**TASK BRIEF:** Could you copy exactly the lines from the start of the records through the one containing "Štýlové dámske sandále, ktoré", both included, and leave out the pictures?

[Stored records]
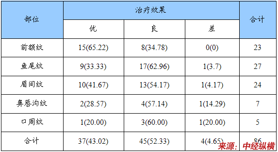 通过对北京一家美容机构的调研,病例:男性7例,女性79例,年龄平均46.8岁(21~64岁)。皮肤病变分类为:前额抬头纹23例,眉间纹24例,鱼尾纹27例,鼻唇沟纹7例,口周纹5例。
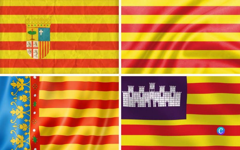 De vlaggen van Aragón, Catalonië, Comunidad Valenciana en Balearen hebben op het eerste gezicht veel overeenkomsten. Ze hebben allemaal horizontale strepen in de kleuren geel en rood. Toch zijn er ook enkele subtiele verschillen tussen deze vier regionale vlaggen.
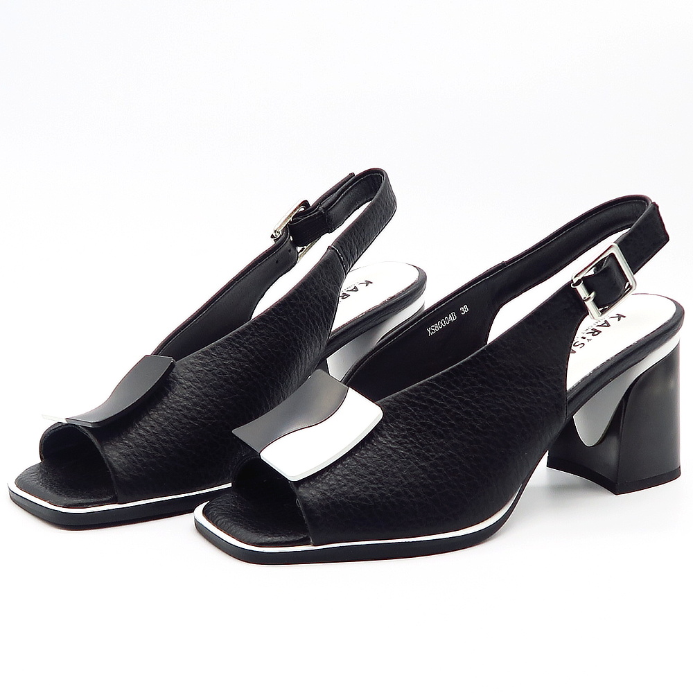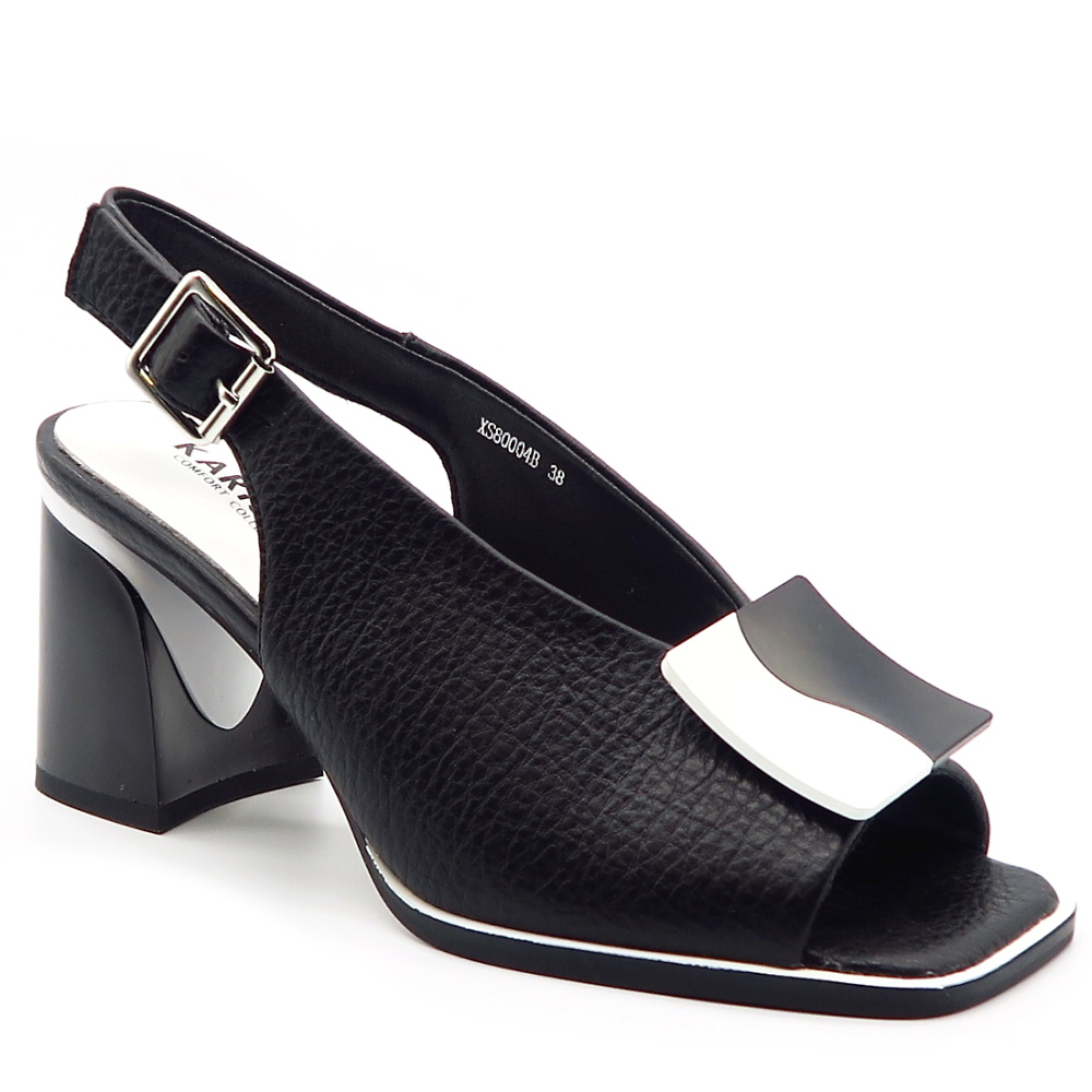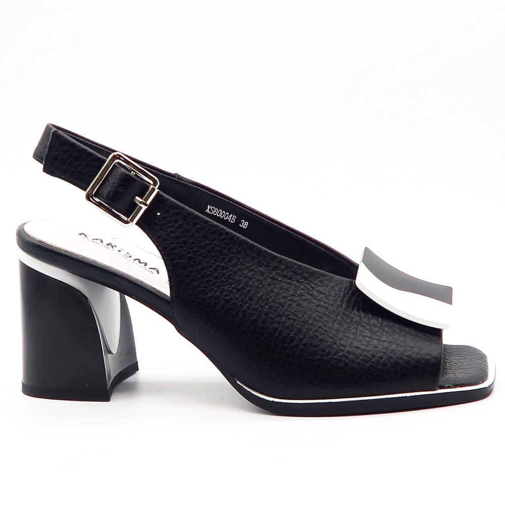 Štýlové dámske sandále, ktoré spájajú nadčasový dizajn s maximálnym komfortom. Elegantná čierna farba doplnená výrazným bielo-čiernym detailom na priehlavku vytvára originálny a sofistikovaný vzhľad, ktorý oživí každý outfit. Stabilný hrubší podpätok zabezpečuje pohodlnú chôdzu počas celého dňa aj večera. Vďaka nastaviteľnému ramienku okolo päty sa sandále dokonale prispôsobia nohe a poskytujú istotu pri každom kroku.
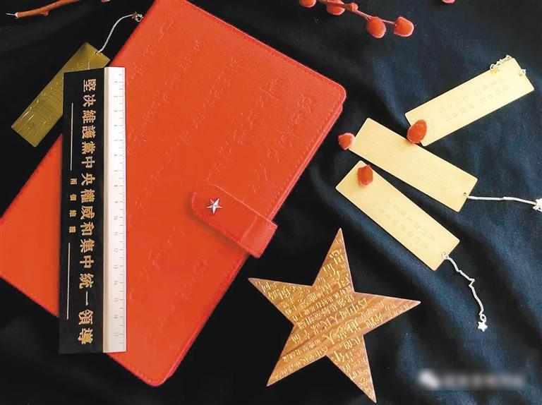 文創(chuàng)精品“紅寶”套裝,包括筆記本、便簽夾、直尺、金屬書簽和紙膠帶等五件產(chǎn)品。此套文創(chuàng)產(chǎn)品榮獲國家知識產(chǎn)權(quán)局頒發(fā)的國家外觀設(shè)計專利證書,“紅”字代表“紅軍”“紅色圣地”,“寶”字代表“中國革命之瑰寶”。紅寶用現(xiàn)代語言講述紅色故事,強(qiáng)化紅色文化,傳承紅色精神。以新時代背景下的紅色精神號召全民堅定意志,勇往直前,為實現(xiàn)中華民族偉大復(fù)興的中國夢而不懈奮斗。
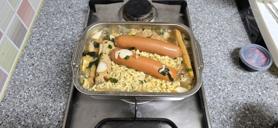 그냥기본 오뎅탕 만 먹엇으면 실망이클텐데 튀김우동 스프 반만 넣고 물을 트레이 위쪽 선까지 넣고 끓이니
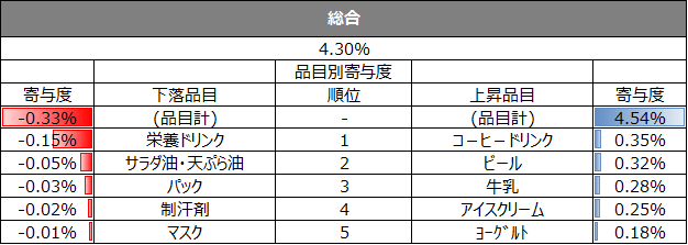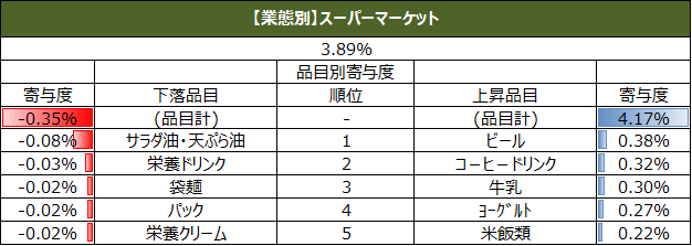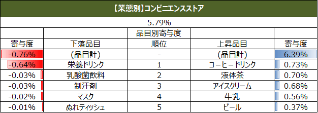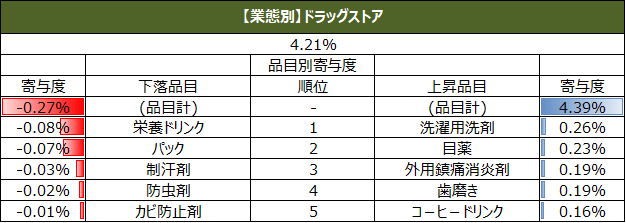 また、直近週の単価指数について、上昇、下落の寄与度上位5品目を業態別に集計しています。
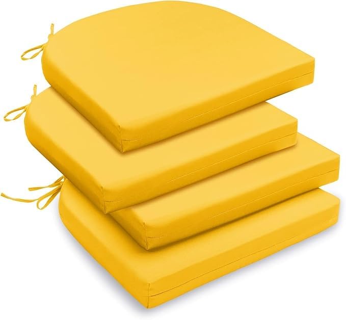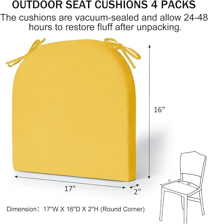 ANAND INDIA GROUPS D-8 Round Outdoor Bistro Chair Cushions Set of 4, Waterproof Cushions for Outdoor Furniture, Round Seat, Pads with Ties for Patio, Garden, Dining Chairs, Living Room (Yellow)
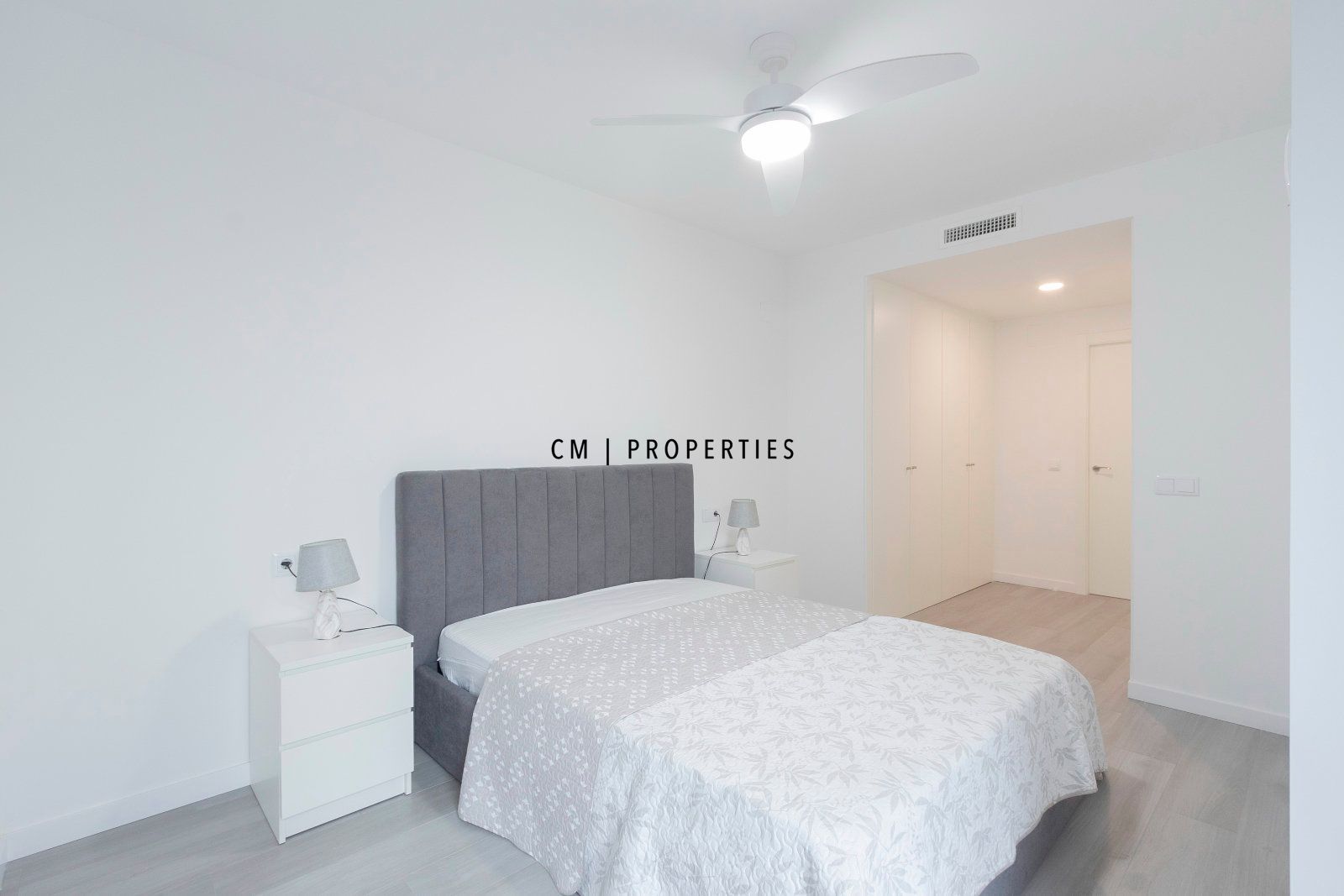 Dormitorio principal tipo suite con un gran vestidor y armarios a medida, que aportan máxima comodidad y capacidad de almacenamiento.
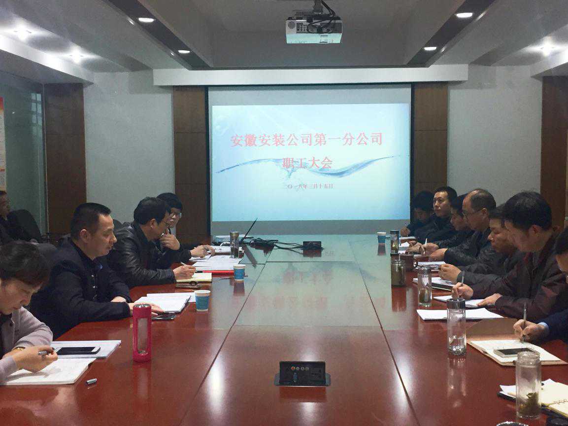 2018年3月15日,第一分公司在分公司機關(guān)召開2017年度職工大會。公司黨委書記、副總經(jīng)理胡六中,紀(jì)委書記、工會主席李寬旭,人力資源部經(jīng)理王敏等出席了會議,分公司機關(guān)全體人員及在肥項目部員工共36人參加了會議。會議由第一分公司黨支部書記胡迎東主持。

**FINAL ANSWER:**
 通过对北京一家美容机构的调研,病例:男性7例,女性79例,年龄平均46.8岁(21~64岁)。皮肤病变分类为:前额抬头纹23例,眉间纹24例,鱼尾纹27例,鼻唇沟纹7例,口周纹5例。
 De vlaggen van Aragón, Catalonië, Comunidad Valenciana en Balearen hebben op het eerste gezicht veel overeenkomsten. Ze hebben allemaal horizontale strepen in de kleuren geel en rood. Toch zijn er ook enkele subtiele verschillen tussen deze vier regionale vlaggen.
 Štýlové dámske sandále, ktoré spájajú nadčasový dizajn s maximálnym komfortom. Elegantná čierna farba doplnená výrazným bielo-čiernym detailom na priehlavku vytvára originálny a sofistikovaný vzhľad, ktorý oživí každý outfit. Stabilný hrubší podpätok zabezpečuje pohodlnú chôdzu počas celého dňa aj večera. Vďaka nastaviteľnému ramienku okolo päty sa sandále dokonale prispôsobia nohe a poskytujú istotu pri každom kroku.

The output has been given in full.